Editorials

Drug problem no sitcom fantasy

In the world of 1950s sitcoms, Rand Paul's ideas on handling the drug issue at the local level would have made a great story line for Sheriff Andy Taylor and Deputy Barney Fife, who, by the end of the episode, would have foiled the evil drug gang and have its members locked up in a cell next to Otis — all without Barney having to take that bullet out of his shirt pocket.

But real life in the 1950s wasn't as simple as the residents of Mayberry made it seem, and it sure as heck isn't that simple these days.

Reality in Eastern Kentucky in 2010 is a drug epidemic of a size that no one town or one county can combat adequately, not even if it has its own Sheriff Andy and Deputy Barney.

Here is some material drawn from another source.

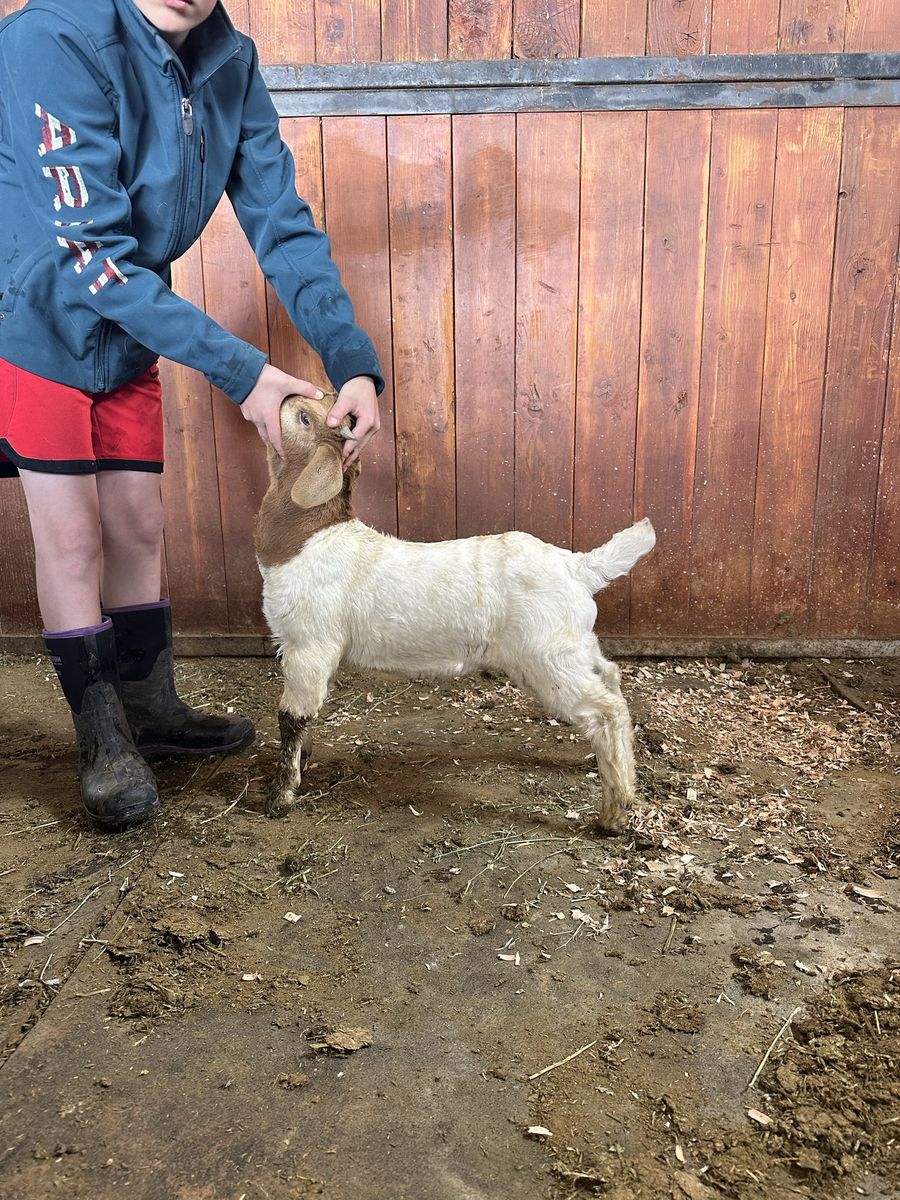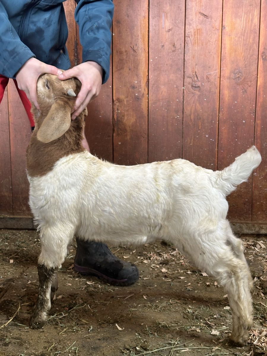 Our thickest kid could go as a buck or whether. His mother is a daughter of HEIR TO THE BEAR. This little buck is by our ABGA registered buck. If you decide you want papers, they would be 50 to 60% on the registration papers because the females they are by are well bred but not from ABGA registered parents. $500 no registration $650 with registration Born 2/25/26 and ready to leave now.
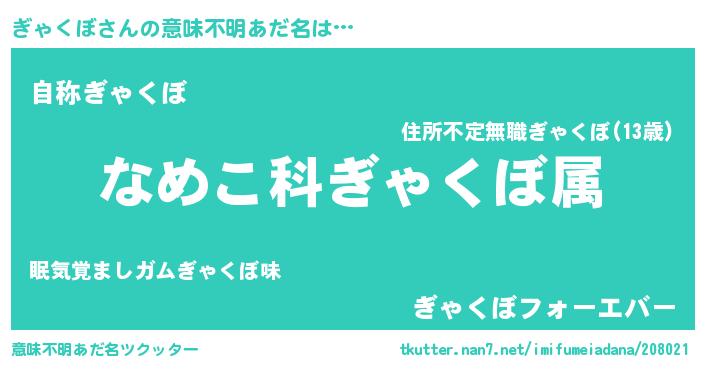 | ヒーロー風カッコイイあだ名 | 『サイバー戦士ギャクボ』『仮面ギャダー』 |

It takes state and federal involvement to deal with pill pipelines that connect the mountains of Appalachia to the shores of South Florida. Local governments simply do not have the money or the manpower to run sting operations on the traffickers or provide treatment for the abusers.

But Paul appears oblivious to these facts, or at least he did when he addressed a gathering of local officials from across the commonwealth last week. "I think issues like drug use and abuse are best dealt with at the local level," he told them, adding that the efforts should be paid for at the local level as well.

It was another instance where his narrowly focused vision of a miniaturized federal government failed the reality check.

There are certain programs and services local and state governments cannot handle by themselves, not unless we want roads that don't connect with each other at the county line or a patchwork quilt of rules and regulations on such issues as air and water quality.

When damage is done to the headwaters of the Kentucky River in Eastern Kentucky, it has the potential to affect every down-river community that draws its water from the Kentucky before it flows into the Ohio River.

When smokestacks belch pollution into the air of one county, residents in downwind counties feel the effects as well.

Like roads and air and water quality, Kentucky's problems with pain-pill addiction and the spread of meth labs are too big for the manpower and budgets of local and state governments to handle.

Federal involvement in enforcement, treatment and education programs is a necessity. For even though all politics may be local, all solutions are not.

And Rand Paul's wishful, simplistic world view of how our various levels of government should operate and interact won't change that reality — or bring back the days of Sheriff Andy and Deputy Barney.